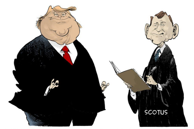
"WE'RE SCHEDULING ARGUMENTS TO DECIDE IF YOU'RE SUBJECT TO THE LAWS OF MAN, WHAT'S A GOOD TIME FOR YOU?"
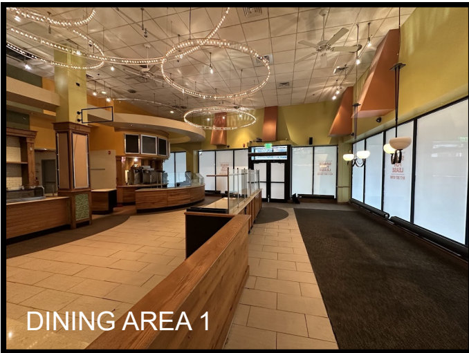
DINING AREA 1
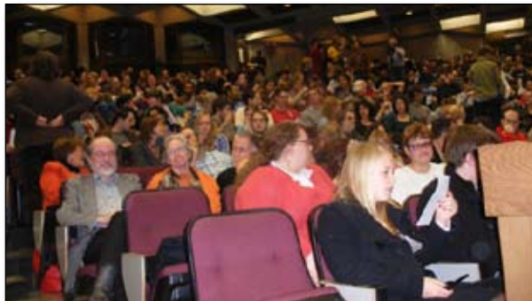
Simposium AMARC, Montreal, November 2008

The result of these and other activities was the increased awareness throughout the community radio movement and of community radio stakeholders on the importance of action-research on impact assessment of community radio in development and reflections on how to increase, quality, content pertinence and participation in CR.
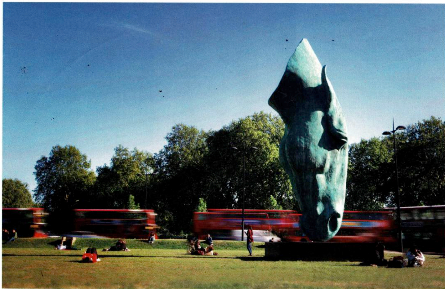
Above: Motionless amid the bustle: Still Water by Nic Fiddian-Green. Facing page: Aptly named: Hares Monumental by Hamish Mackie
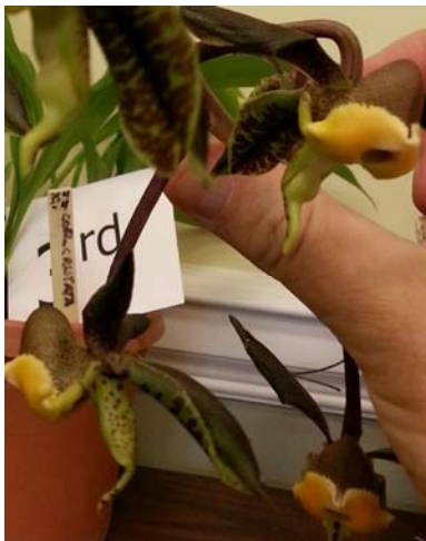
Catasetum gnomus (not a NoID but no tag) Brittany Lowery
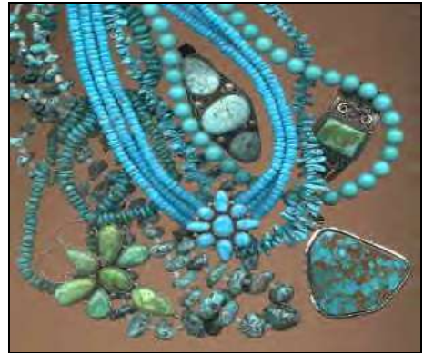
Plate 36: Turquoise (Native American)
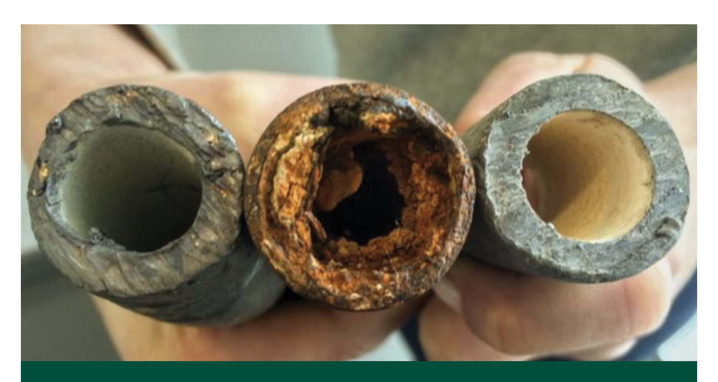
EXAMPLES (FROM LEFT) OF A LEAD PIPE, A CORRODED STEEL PIPE, AND A LEAD PIPE TREATED WITH PROTECTIVE ORTHOPHOSPHATE
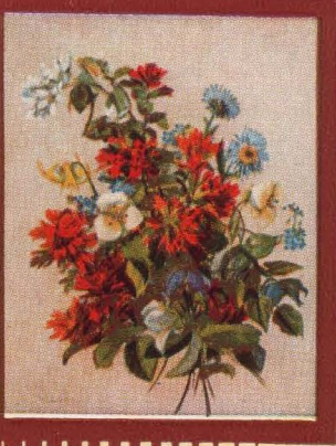
GLACIER NATIONAL PARK WILDFLOWERS

(Please write on meal check each menu item are not permitted to accept or serve orders)
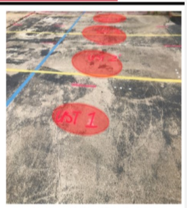
Photo of Location #1. This photo corresponds with the data shot to the left. The red ovals signify the UST's.
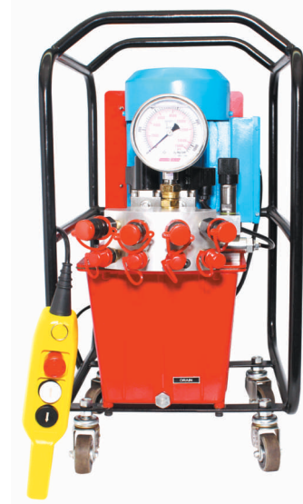
EP1000 with Quadra Port (4 Port)
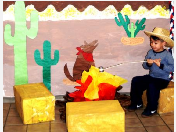
A La Mesa student poses before their mock campfire.
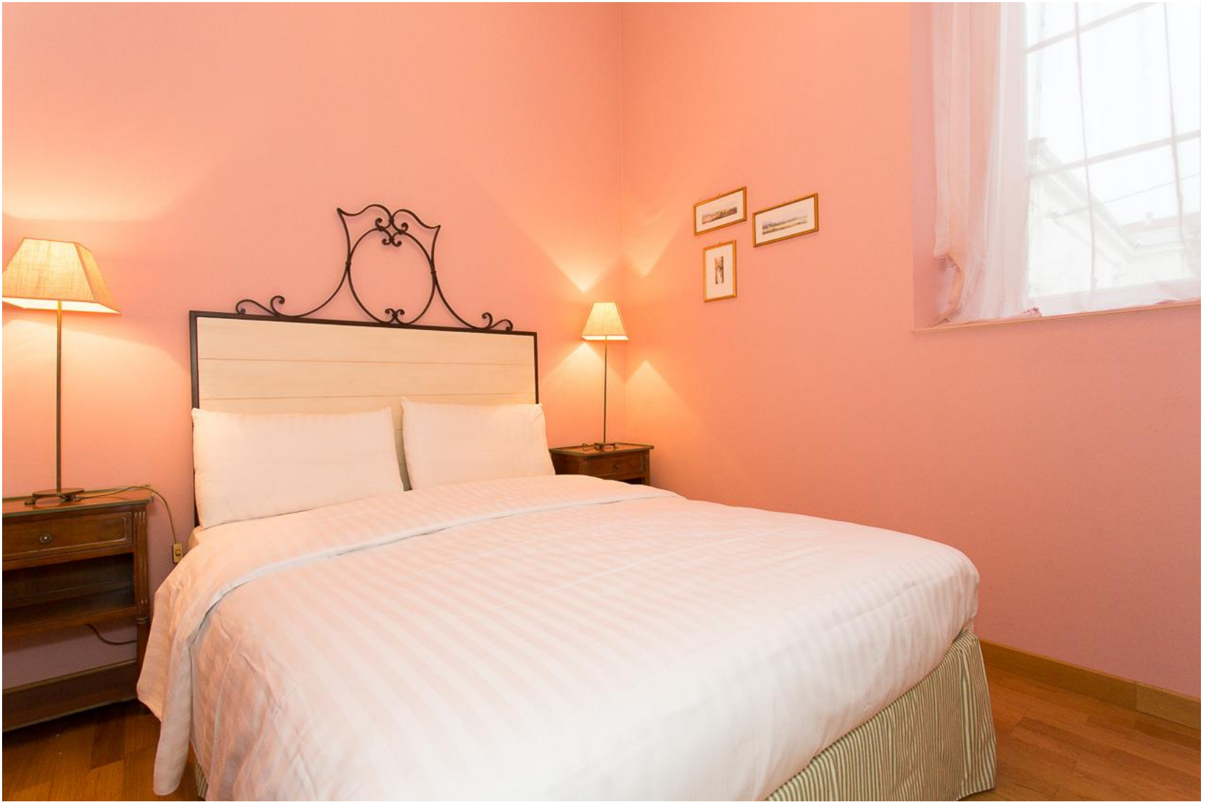
2 nd bedroom

■ **Exercise brief**
Transcribe every record exactly and omit each image.

■ **Task result**
"WE'RE SCHEDULING ARGUMENTS TO DECIDE IF YOU'RE SUBJECT TO THE LAWS OF MAN, WHAT'S A GOOD TIME FOR YOU?"
DINING AREA 1
Simposium AMARC, Montreal, November 2008

The result of these and other activities was the increased awareness throughout the community radio movement and of community radio stakeholders on the importance of action-research on impact assessment of community radio in development and reflections on how to increase, quality, content pertinence and participation in CR.
Above: Motionless amid the bustle: Still Water by Nic Fiddian-Green. Facing page: Aptly named: Hares Monumental by Hamish Mackie
Catasetum gnomus (not a NoID but no tag) Brittany Lowery
Plate 36: Turquoise (Native American)
EXAMPLES (FROM LEFT) OF A LEAD PIPE, A CORRODED STEEL PIPE, AND A LEAD PIPE TREATED WITH PROTECTIVE ORTHOPHOSPHATE
GLACIER NATIONAL PARK WILDFLOWERS

(Please write on meal check each menu item are not permitted to accept or serve orders)
Photo of Location #1. This photo corresponds with the data shot to the left. The red ovals signify the UST's.
EP1000 with Quadra Port (4 Port)
A La Mesa student poses before their mock campfire.
2 nd bedroom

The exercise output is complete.